The Xantusia – an approximation of the words they used for themselves – looked to human eyes like large bipedal lizards; their greeting involved clasping their hand-like appendages together tightly and then turning their back on the person they were greeting. They made clicking sounds – the xenolinguist told Matthiew they were approval, and his own empathy agreed – when he did a similar gesture.

“We bring you gifts.” He paused while the xenolinguist translated. “Things from our home, as tokens of our good-will.”

He watched the Xantusia as it picked up the box of gifts, its claws tinkling over the xylophone. Early studies of their broadcasts had shown that the Xantusia had a similar instrument.

“Xinpahzian.” It tinked its claws against it. “Lii-eer.”

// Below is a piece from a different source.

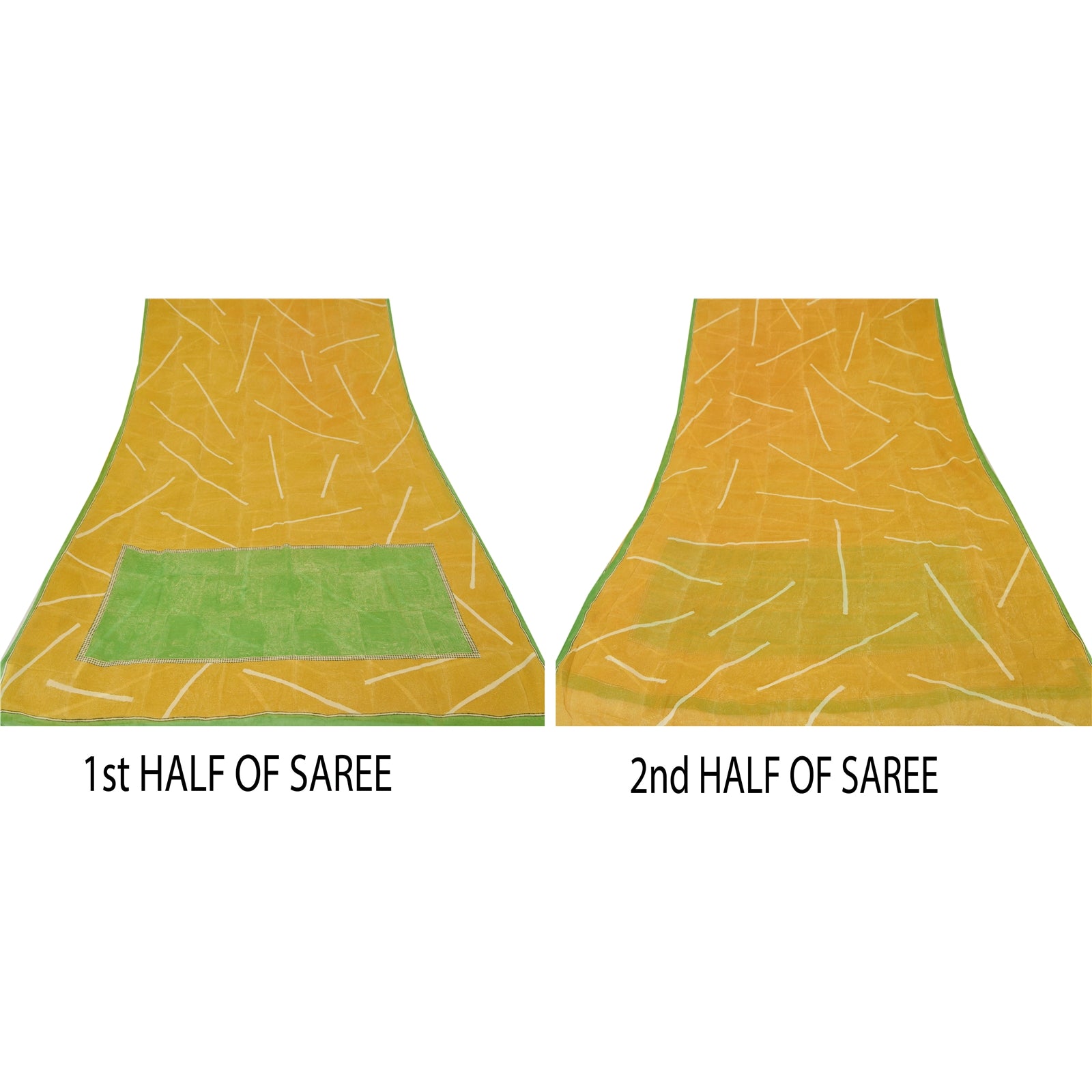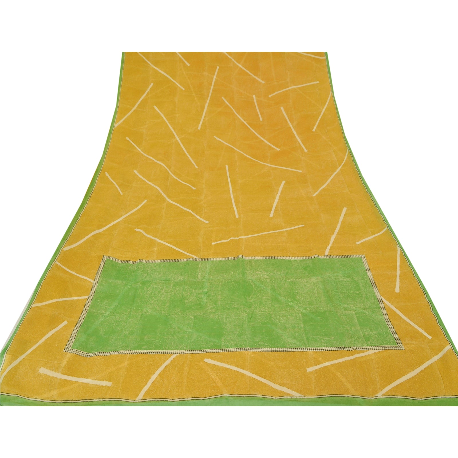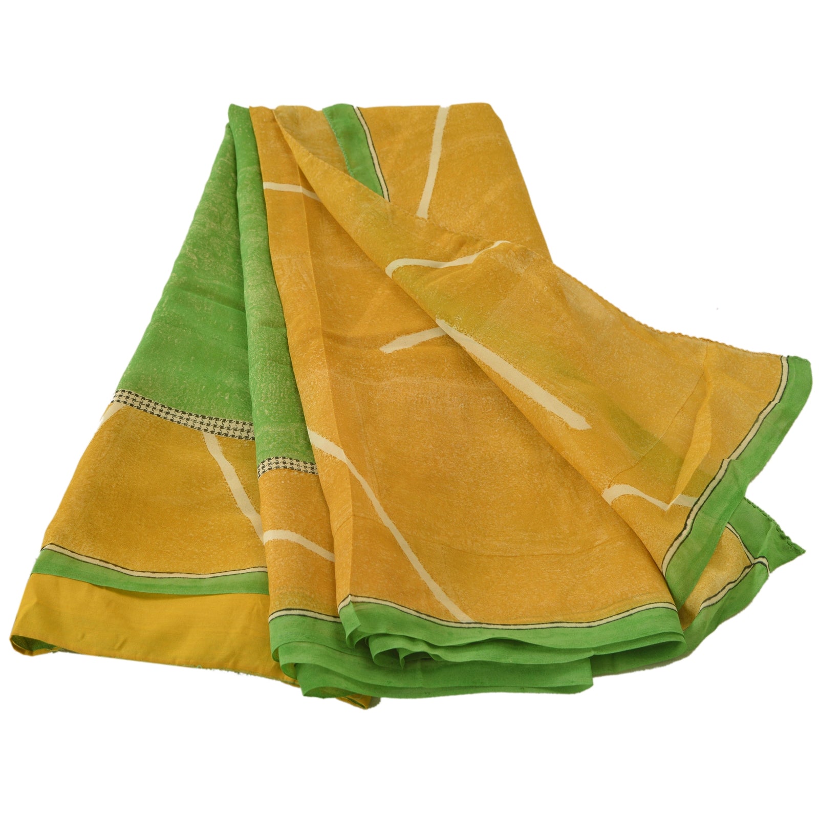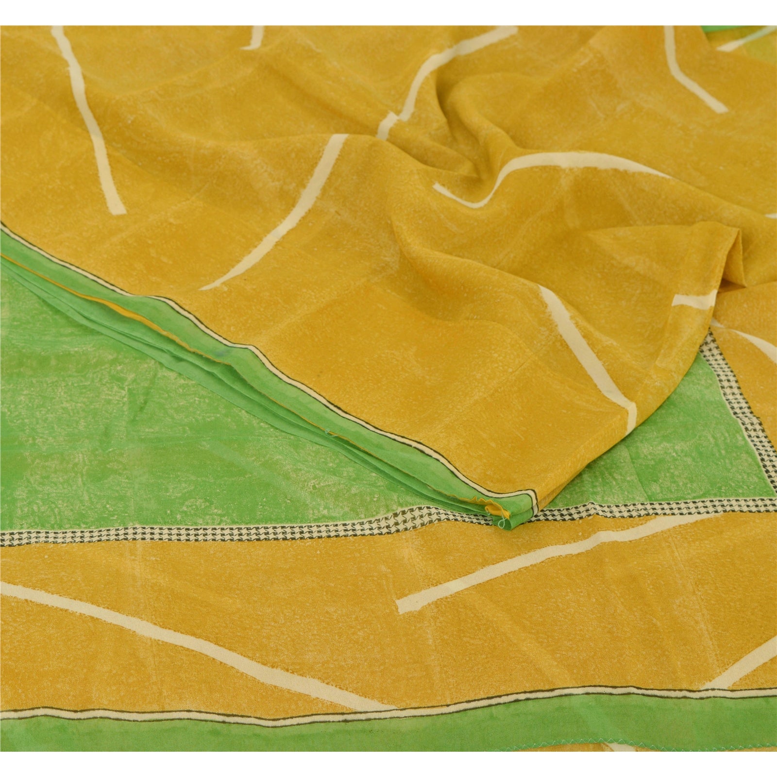 • Beautiful shades of green colored printed pure georgette silk saree . • Pallu & Border has printed abstract design . • Abstract design in center part of sari . This unique vintage saree can be used for various crafting ideas even if you don't want to use it as a sari. Design a dress, use it as a throw, as window dressing, beachwear, sarongs, table linen and much more. Let your creative juices flow and use this decorated Sustainable Fabric in multiple fashion.
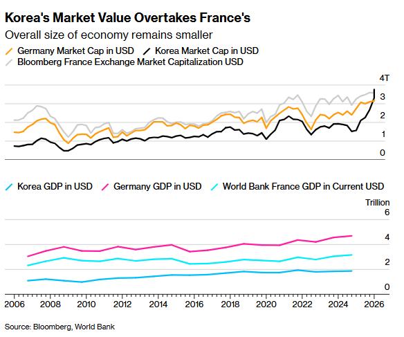 根据业内汇总的数据显示,韩国股市的市值当前已达到逾3.76万亿美元,自2025年初以来累计攀升了约2.23万亿美元。目前,韩国股市市值已超越法国股市,升至全球第九。而在更早之前,韩国股市市值在1月下旬已超越了德国股市,历史性地跻身全球前十市场之列。

Matthiew needed no interpretation to recognize kin.

He bowed again, hiding a smile. If the Xantusia could be made to recognize them as kin, than the rest of his job would be so much easier.

This entry was originally posted at http://aldersprig.dreamwidth.org/524123.html. You can comment here or there.

W is for Whisk(e)y

To [personal profile] thnidu‘s prompt.

“There’s a reason it’s called the water of life.”

David was drawing circles on the floor of his dorm room, linked circles around a central circle, and in the middle of it all, an open glass of whiskey. “Uisce beatha,” he continued. “Hey, Wayne, pass me that second bottle, would you?”

His roommate, who had been walking a careful circuit of the room, wanting only to get to his desk, his computer, his tequila, and his chat with his girlfriend, nevertheless passed over the second bottle. “More whiskey?”

“This one’s whisky.” He turned the label so it was visible, the missing E clearly absent, and poured out two shots, and then a fractional third shot. “No e.”

“No E. Okay, I’ll bite. Isn’t summoning demons supposed to be a weekend activity? Elizabeth got awfully pissed at you the last time you started mucking about with the forces of good and evil on a weekday.”

“No kidding. And Miranda hasn’t talked to me since that thing with the bog monster.” David poured out two more shots, drank one, and passed the other to Wayne. “Go talk to Steff. It’s fine, I’m not going to do anything stupid.”

“You’re sitting there in a chalk diagram drinking whisk-no-e.”

“Yes, but I’m not going to fuck around with the forces of good and evil tonight. No demons, no bog monsters.”

“Then what in the unknowable Names are you doing?”

David grinned up at him. “Math homework.”

“Math homework?” He poured himself another shot of whisky.

“Finding e.” He drank down another shot himself. “Like I said. Water of life. This stuff is going to be a life-saver.”